What the task asks: Only certain lines below are wanted: those starting at the line containing "Community members enjoy" and ending at the line containing "Fiber installation.", both included, each retyped exactly.

Data records:
--*--

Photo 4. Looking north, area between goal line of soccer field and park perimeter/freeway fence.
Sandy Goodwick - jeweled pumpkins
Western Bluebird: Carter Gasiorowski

--*--

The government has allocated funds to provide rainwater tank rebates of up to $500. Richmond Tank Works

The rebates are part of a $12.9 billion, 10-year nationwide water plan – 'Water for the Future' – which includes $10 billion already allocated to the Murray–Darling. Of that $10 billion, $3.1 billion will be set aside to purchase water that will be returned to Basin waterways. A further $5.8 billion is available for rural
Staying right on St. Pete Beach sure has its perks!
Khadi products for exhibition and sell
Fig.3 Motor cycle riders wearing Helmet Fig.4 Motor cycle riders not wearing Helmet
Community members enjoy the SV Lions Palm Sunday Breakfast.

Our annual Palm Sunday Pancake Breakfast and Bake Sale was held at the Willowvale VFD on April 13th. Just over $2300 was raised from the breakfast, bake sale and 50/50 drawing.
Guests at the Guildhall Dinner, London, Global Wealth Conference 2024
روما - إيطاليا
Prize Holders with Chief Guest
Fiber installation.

--*--

Answer section:
Community members enjoy the SV Lions Palm Sunday Breakfast.

Our annual Palm Sunday Pancake Breakfast and Bake Sale was held at the Willowvale VFD on April 13th. Just over $2300 was raised from the breakfast, bake sale and 50/50 drawing.
Guests at the Guildhall Dinner, London, Global Wealth Conference 2024
روما - إيطاليا
Prize Holders with Chief Guest
Fiber installation.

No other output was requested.